- **Problem to work on**
It would help if you retyped the data exactly, leaving out the pictures.

- **Recorded information**
--- START ---
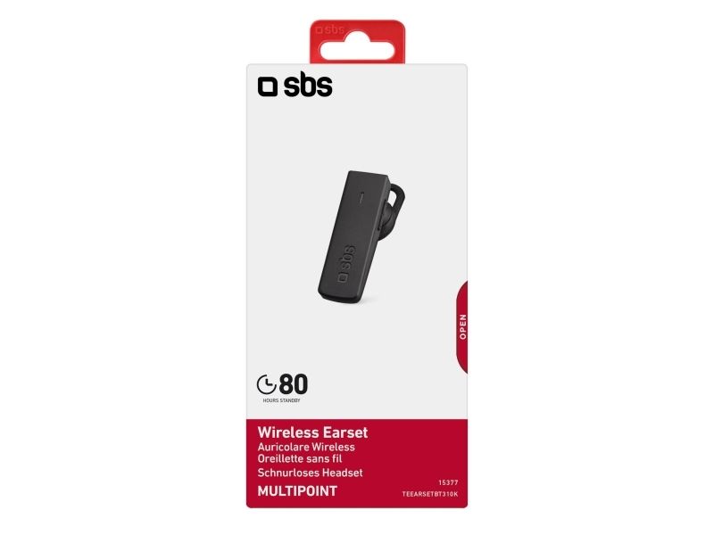 SBS TEEARSETBT310K, Trådlös, Samtal/musik, 6 g, Headset, Svart
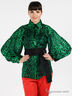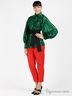 Детали: отложной ворот-стойка, застежка на пуговицы, объемные рукава посажены на манжеты на пуговицах, в комплекте широкий пояс-лента
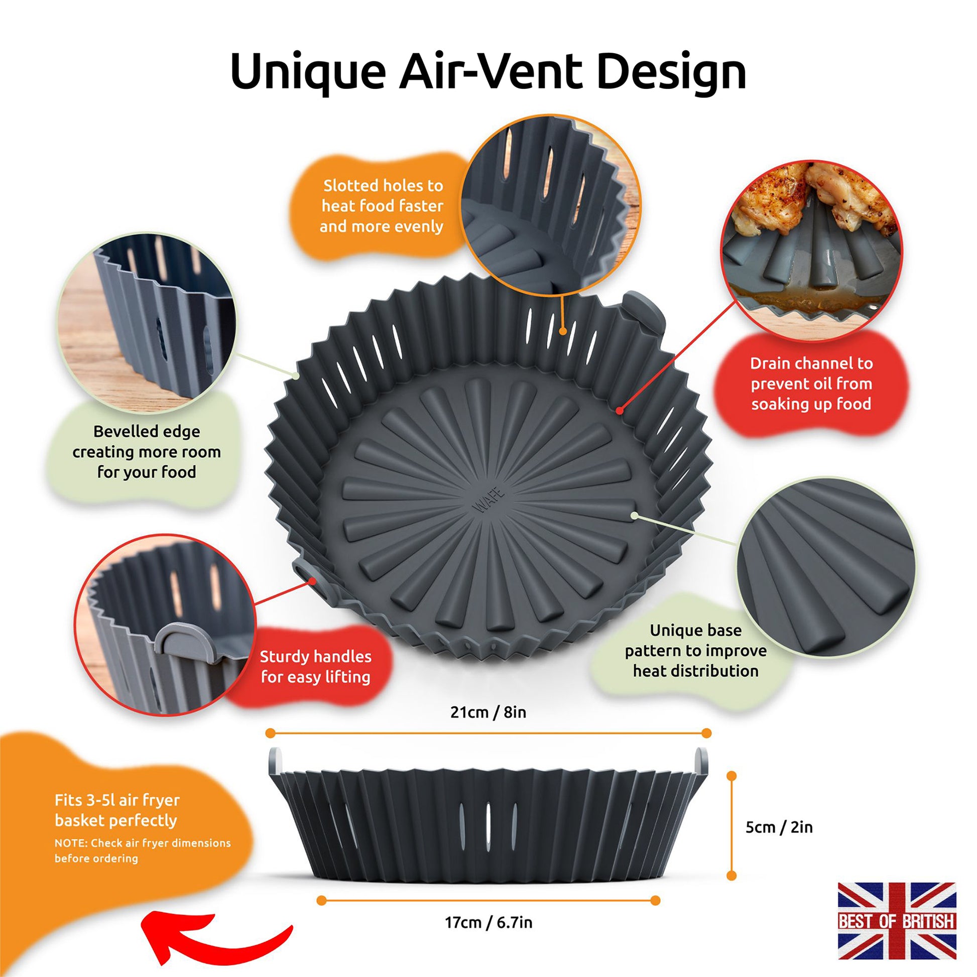 👨🍳 EFFICIENTLY COOKS FOOD - WAFE liners enables fast and even cooking because of the slotted holes and our carefully designed 360° air flow structure. A drain channel keeps oil from soaking food, while bevelled edges allow for more space for ingredients
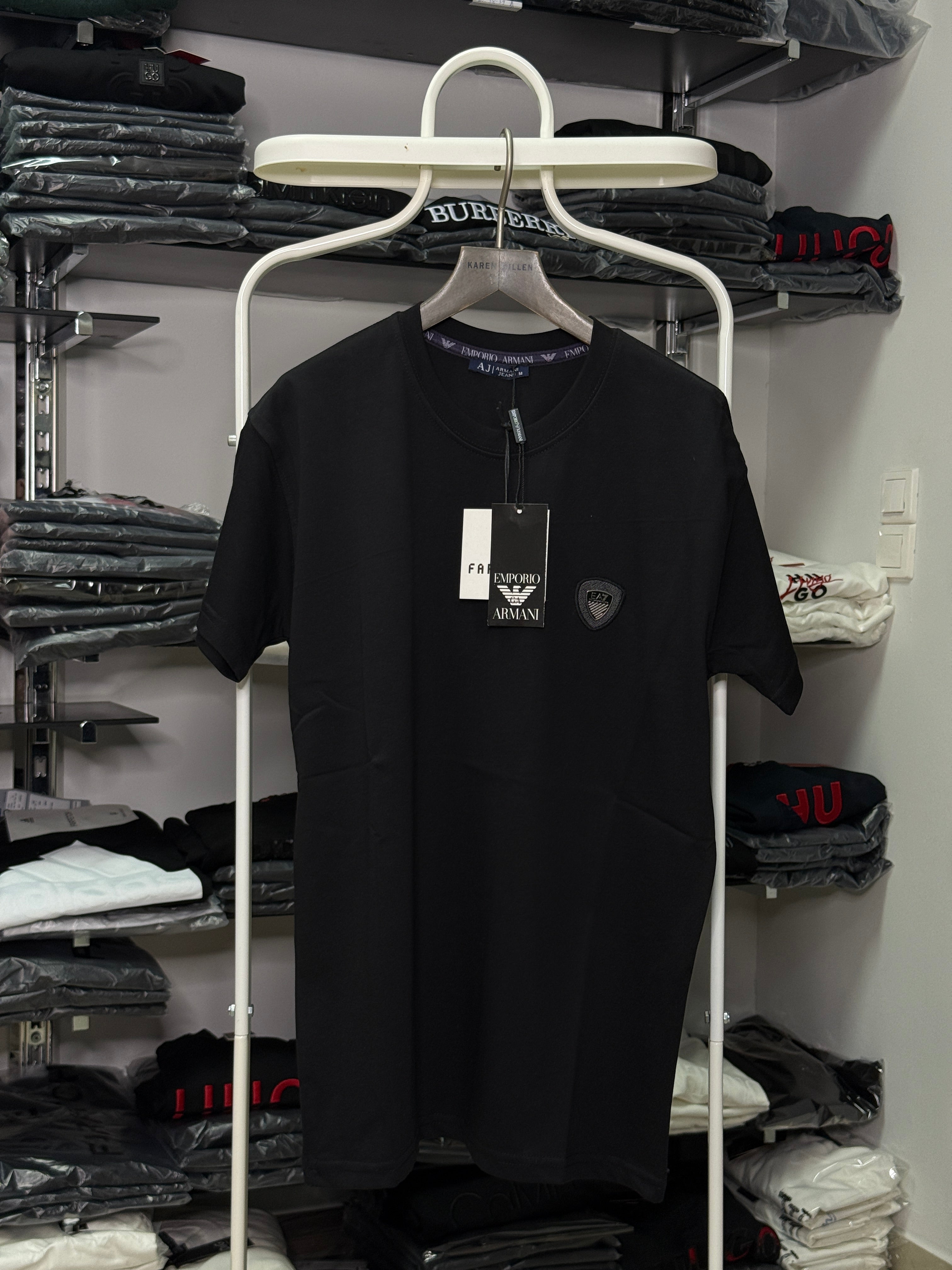 Ανδρικό κοντομάνικο t-shirt από τη EA7 Emporio Armani σε μαύρο χρώμα, με καθαρό και δυναμικό sporty-luxury χαρακτήρα. Στο στήθος διαθέτει μικρό shield logo EA7 σε patch, διακριτικό αλλά premium, που προσθέτει ταυτότητα χωρίς να αλλοιώνει το minimal design.
--- END ---
- **Exercise output**
 SBS TEEARSETBT310K, Trådlös, Samtal/musik, 6 g, Headset, Svart
 Детали: отложной ворот-стойка, застежка на пуговицы, объемные рукава посажены на манжеты на пуговицах, в комплекте широкий пояс-лента
 👨🍳 EFFICIENTLY COOKS FOOD - WAFE liners enables fast and even cooking because of the slotted holes and our carefully designed 360° air flow structure. A drain channel keeps oil from soaking food, while bevelled edges allow for more space for ingredients
 Ανδρικό κοντομάνικο t-shirt από τη EA7 Emporio Armani σε μαύρο χρώμα, με καθαρό και δυναμικό sporty-luxury χαρακτήρα. Στο στήθος διαθέτει μικρό shield logo EA7 σε patch, διακριτικό αλλά premium, που προσθέτει ταυτότητα χωρίς να αλλοιώνει το minimal design.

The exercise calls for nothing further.